I have a warning for the Government. If KPMG follows through and attempts to use that injunction to prevent effective picketing, workers - most likely mothers and grandmothers - will be sent to prison, probably in the next week or two, because they refuse to be treated this way by KPMG and Debenhams. The Taoiseach has stated repeatedly that Debenhams, as a company, has treated its workers shoddily. If the workers end up in jail because of the Government's refusal to put any pressure on KPMG to come back to the negotiating table and to make a serious offer, the workers who are put in prison will feel themselves treated very shoddily by the Government, and there will be a substantial political price to pay.

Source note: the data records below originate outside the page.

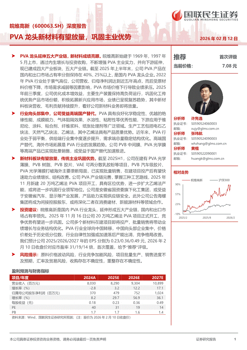 皖维高新:国联民生证券-皖维高新-600063-深度报告:PVA龙头新材料有望放量,巩固主业优势-260212
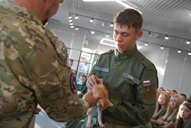 Талисманом волгоградского оборонно-спортивного лагеря «Авангард» станет рыжий котёнок. Его спасли в зоне СВО бойцы штурмового отряда «Бессмертный Сталинград». Сегодня котёнок, которого назвали Майор, был передан в руки волгоградских ребят. В этой смене отдыхают и занимаются дети Донбасса и Новороссии, Белгородской и Волгоградской областей. Рыжему уже приготовили место обитания, корм, персональную миску. Как уже сообщал РИАЦ, штурмовой отряд «Бессмертный Сталинград» полностью состоит из добровольцев, сражается в зоне СВО. Для курсантов Центра «ВОИН» в лагере «Авангард» бойцы провели мастер-классы по различным военным дисциплинам и представили фильм об отряде, который прогремел на международном фестивале «RT.Док: Время Героев», войдя в пятерку лучших кинолент. Лагерь «Авангард» создан в нынешнем году. В конце мая в гостях у ребят побывал губернатор Андрей Бочаров. Именно глава региона обозначил задачу, обеспечить круглогодичный отдых детей. Лагерь «Авангард» полностью отвечает поставленн
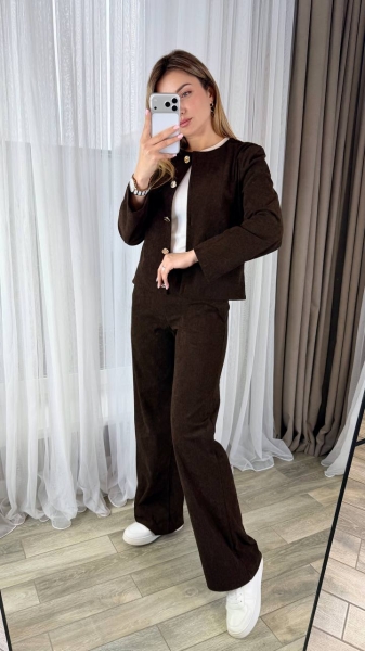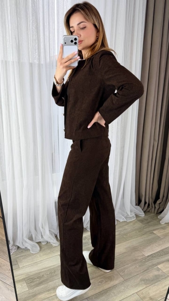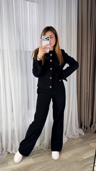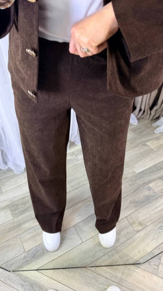 Костюм жакет полуприталенный, карманы декоративные, застегивается на пуговицы. Брюки прямого кроя, талия на резинке, с двумя карманами. Ткань плотная, тянется хорошо
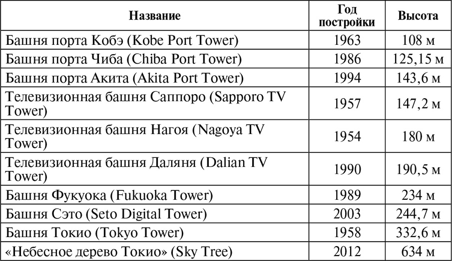 В конце 1950-х гг., во время сильнейшего взлета экономики Японии, страна нуждалась в мощном символе этого феномена. С другой стороны, в условиях коммуникационного бума назрела необходимость возвести мощную передающую вышку. Телевизионная башня Токио (арх. Т. Найто, арх. бюро Nikken Sekkei, см. вкл.: илл.50), построенная в 1958 г., получила высоту почти 333 м, что превысило высоту Эйфелевой башни и позволило Tokyo Tower стать самой высокой металлической конструкцией в мире.
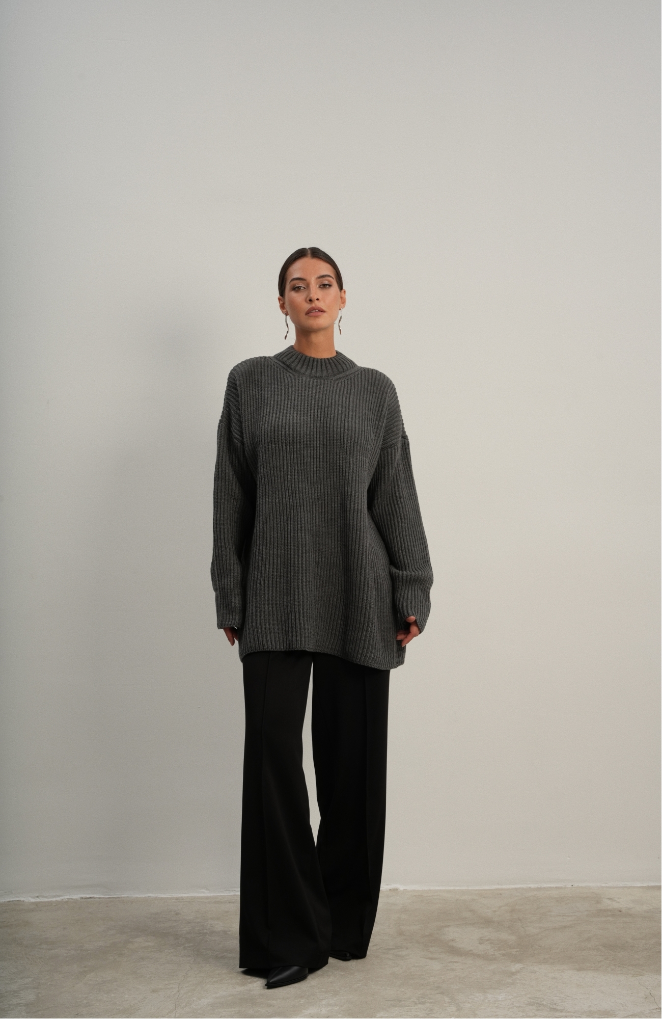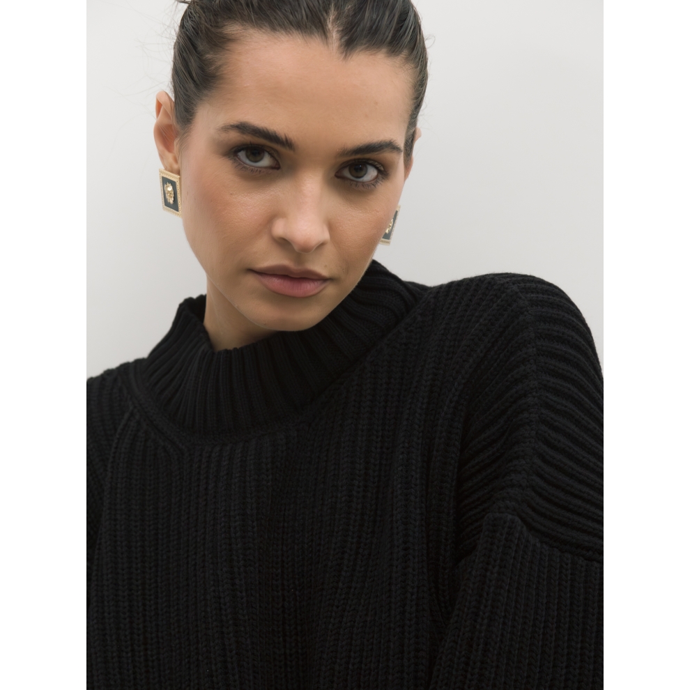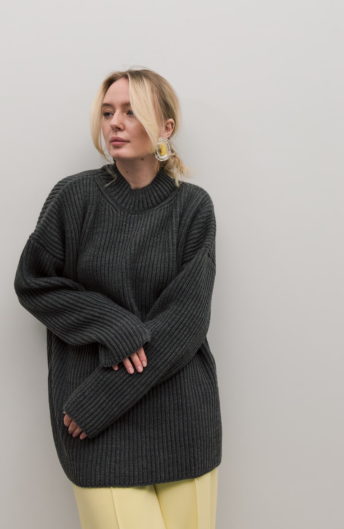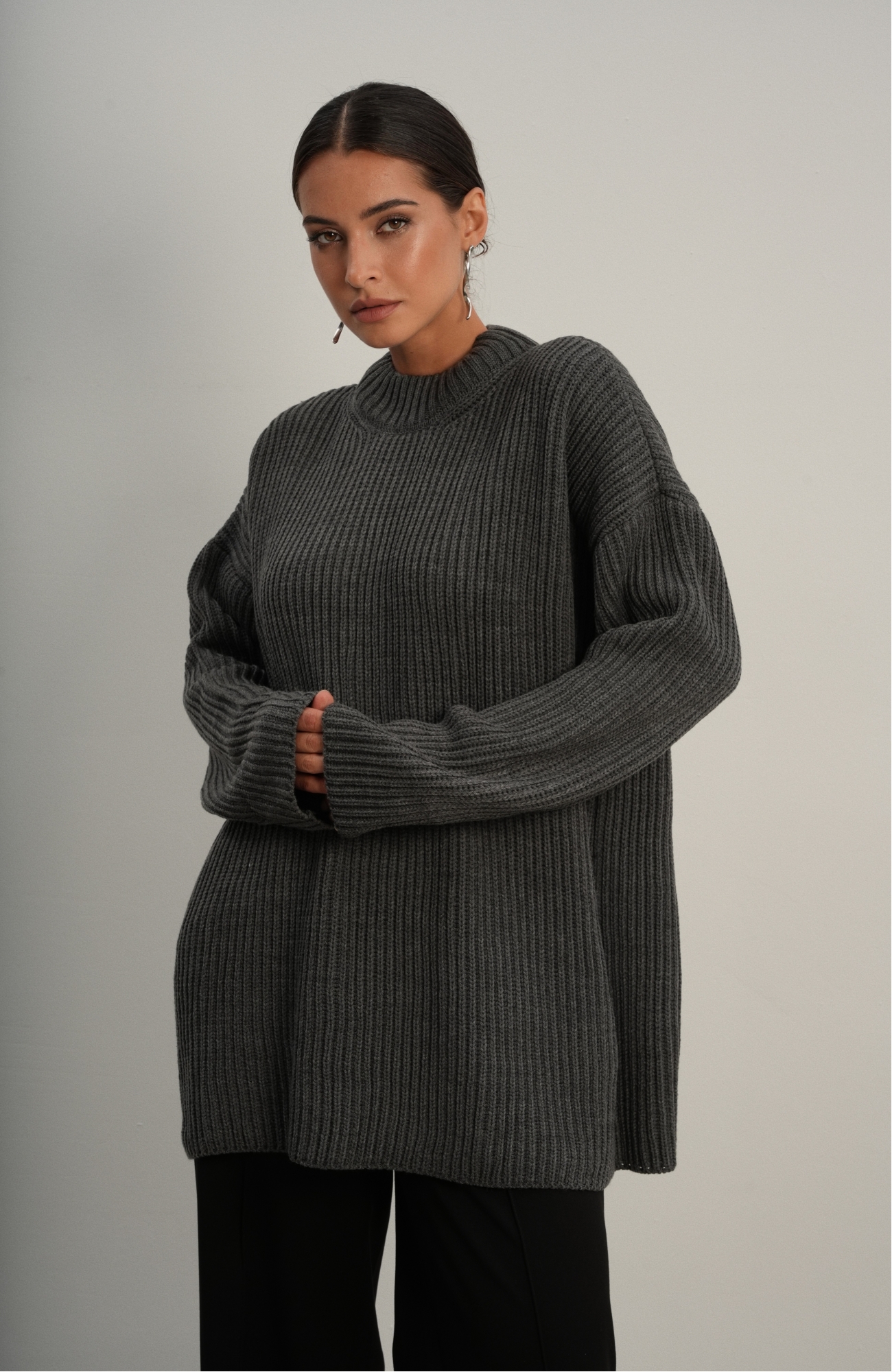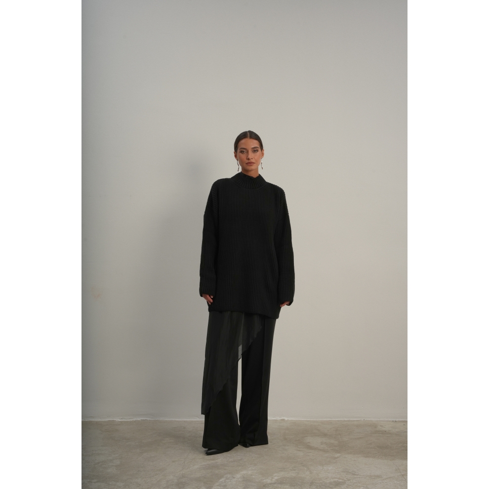 Базовый свитер свободного кроя выполнен из шерсти и акрила. Ворот стойка, низ рукавов и низ изделия выполнен без заужения.
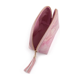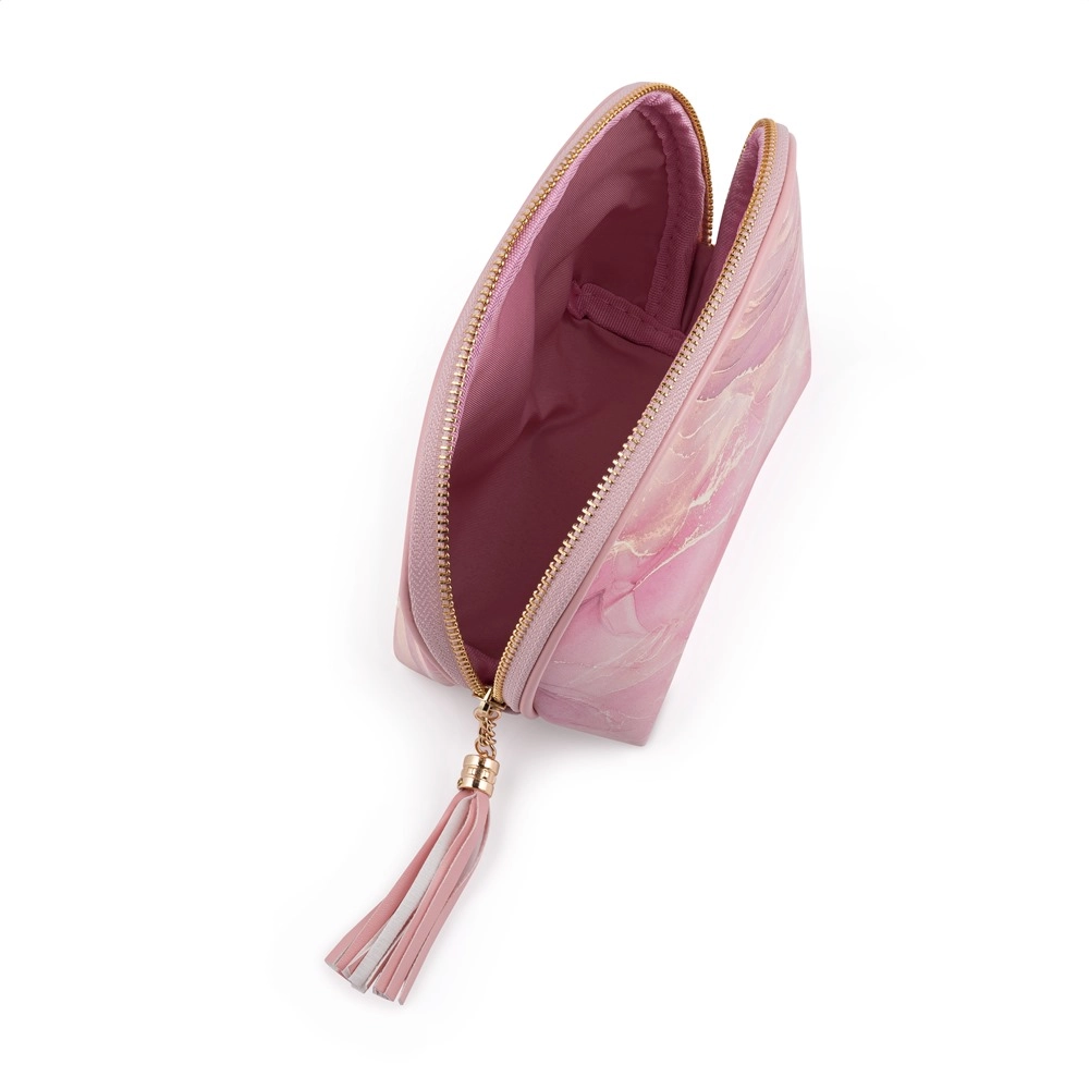 Ta elegancka podróżna kosmetyczka jest idealna na co dzień oraz na weekendowe wyjazdy. Okrągły kształt i różowe wykończenie z marmurowym wzorem sprawiają, że to gustowny dodatek, który łatwo zmieścisz w torebce, plecaku czy bagażu podręcznym.

The second group of workers is those at DAA, formerly Dublin Airport Authority. The 130 craft workers rejected overwhelmingly, by more than 85%, a proposal for supposedly new ways of working. These "new ways of working" are a euphemism for getting rid of demarcation and dramatically changing the workers' rosters, which would effectively double the numbers of weekends and overnights they have to work without getting any allowances for any of that work, such as for being on call or for overtime. The workers were correct to reject this proposal but the response of this semi-State company was outrageous. It put the workers on 60% time, not even over three days a week but spread over five days so that the workers cannot claim unemployment benefit for the days they do not work. I praise the workers for rejecting that deal and standing up to a bullying campaign by management. I support them in their struggle to refuse to accept this or to allow the company, in the words of one of the managers, "to end the unions at Dublin Airport", because I think that is the intention.

Finally, I express my support for school secretaries. They are vital at any time for the running of our schools but at this time, in particular, their importance is being demonstrated. The discrimination against the vast majority of school secretaries who are not directly employed by the Department of Education and Skills is quite outrageous. The workers earn €12,700 per year and have to sign on for the summer. It is simply unacceptable and all of them should be directly employed by the Department.